The pair started by working out “a beat sheet/outline that we just handed back and forth, and then we got into the script phase, and it was a nonstop rewrite until we started shooting — just trying every version of every scene until you feel like you’ve landed on it,” Etten says.

While there is a lot of adventure and some fun visual effects in the Ghosted pilot, both Gormican and Etten agree that the opening episode lives or dies based on whether viewers buy into the characters’ partnership. Leroy is a skeptic when it comes to all things paranormal, and Max is a true believer.

The writers worked hard to provide the actors the material they’d need to sell that relationship. Says Gormican: “The more you can focus on the characters and their development in a pilot, the more successful you’ll be.”

DYNASTY, THE CW
Josh Schwartz, Stephanie Savage and Sallie Patrick

“All of us have worked on shows that owe a huge debt to Dynasty, so it’s kind of in our writing DNA to do this show,” says Stephanie Savage.
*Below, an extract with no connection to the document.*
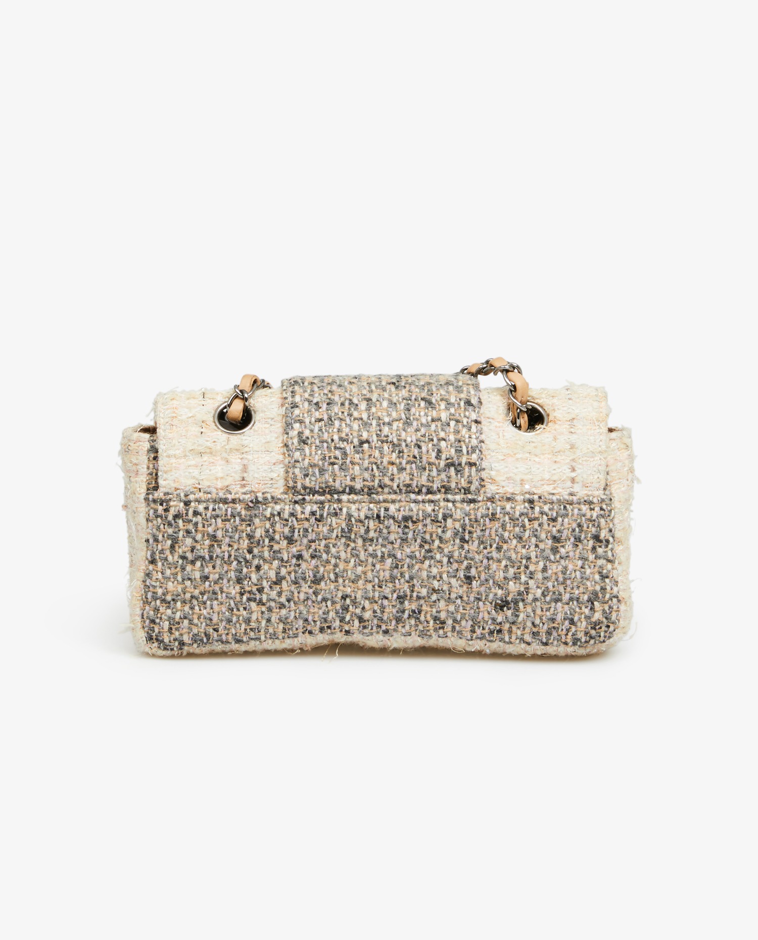 Chanel Classique bag in beige tweed. Carried on the shoulder or crossbody. The shoulder strap measures 95cm. The interior is in monogrammed fabric. In very good condition.
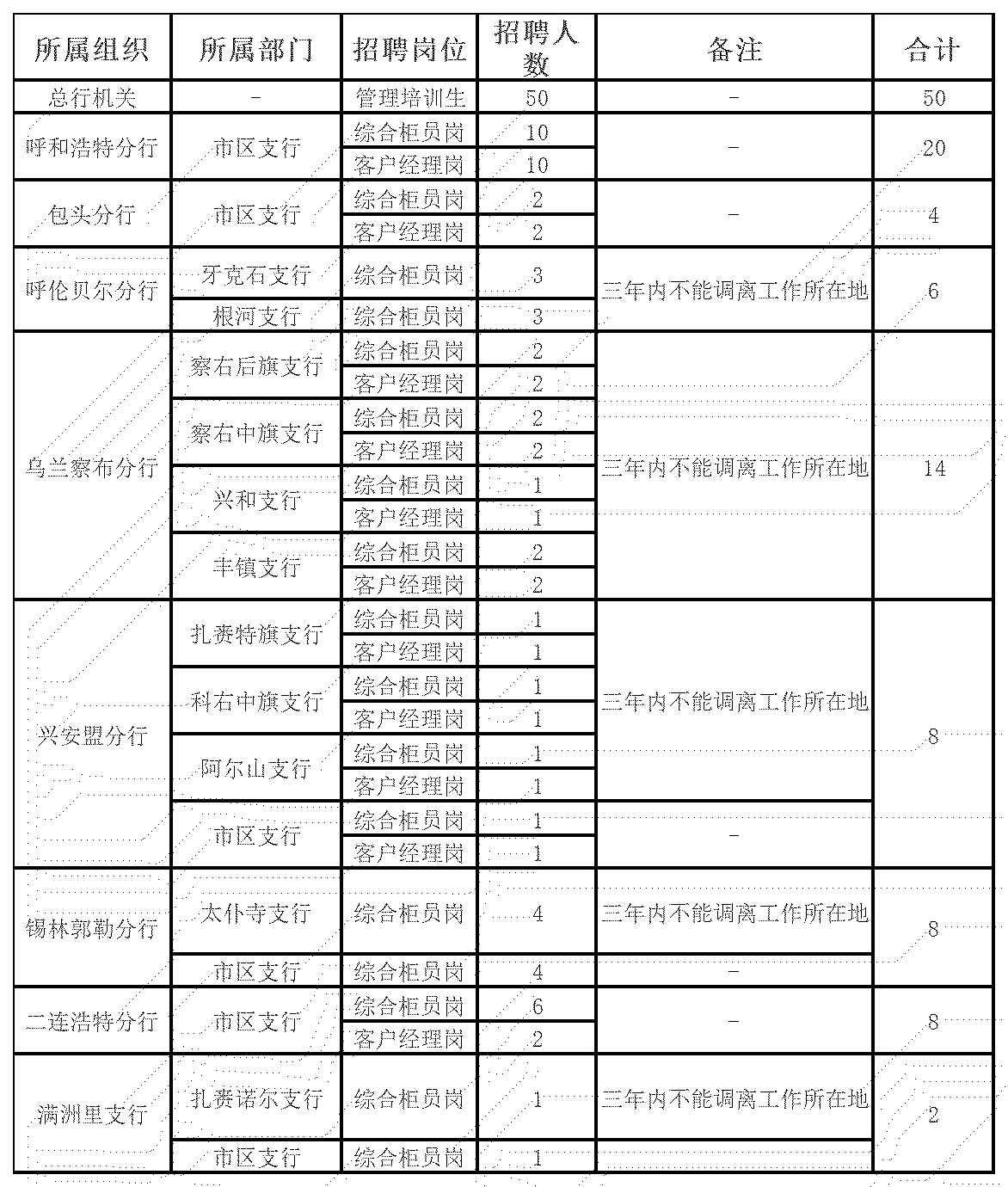管理培訓(xùn)生50人,客戶經(jīng)理、綜合柜員70人,共120人。具體招聘崗位及工作地點(diǎn)見下表。

She collaborated with Josh Schwartz (they co-created Gossip Girl) and Sallie Patrick (Revenge) to write the pilot for The CW’s reincarnation of the classic primetime soap opera, premiering October 11.

The executive-producing trio spent a lot of time at Savage’s dining table talking about what was so special and enticing about the original series — and how they could best capture that while updating it. They also met with Esther and Richard Shapiro, who created Dynasty and are executive producers of the new version, to get their input.

Like the original, which debuted in 1981, The CW’s Dynasty centers on the wealthy Carrington family, but the new show is set in modern-day Atlanta instead of Denver. The producers chose Atlanta in part for its diversity. They also updated the characters. Patrick says, “We knew in our version — 2017 — we wanted Steven’s conflict with Blake to be not about him being gay, but about him being liberal.”

Grant Show plays patriarch Blake Carrington, and James Mackay plays Steven, his son. Sammy Jo is back in Steven’s life, though the character is now a gay man with whom he has a one-night stand in the pilot. Rafael de la Fuente plays Sammy Jo.

And while the first Dynasty had Blake’s fiancée, Krystle, fighting for his attention with Alexis (his ex-wife and the mother of his children), the pilot of the reboot sets up two new main protagonists: his daughter, Fallon (Elizabeth Gillies), and his soon-to-be wife, Cristal (Nathalie Kelley), now a career woman of Hispanic origin.

“Even when you watch the original, Fallon is a character who feels as if she can exist in 2017,” Schwartz says. “She just pops off the screen, and she can take on Krystle, who, in the original, was pure and the moral center of the show. With this new Cristal, we liked the idea of not letting her be quite as pure and raising some questions about her past and having her stir the pot — making her more formidable. That really let us lean into this rivalry between Fallon and Cristal.”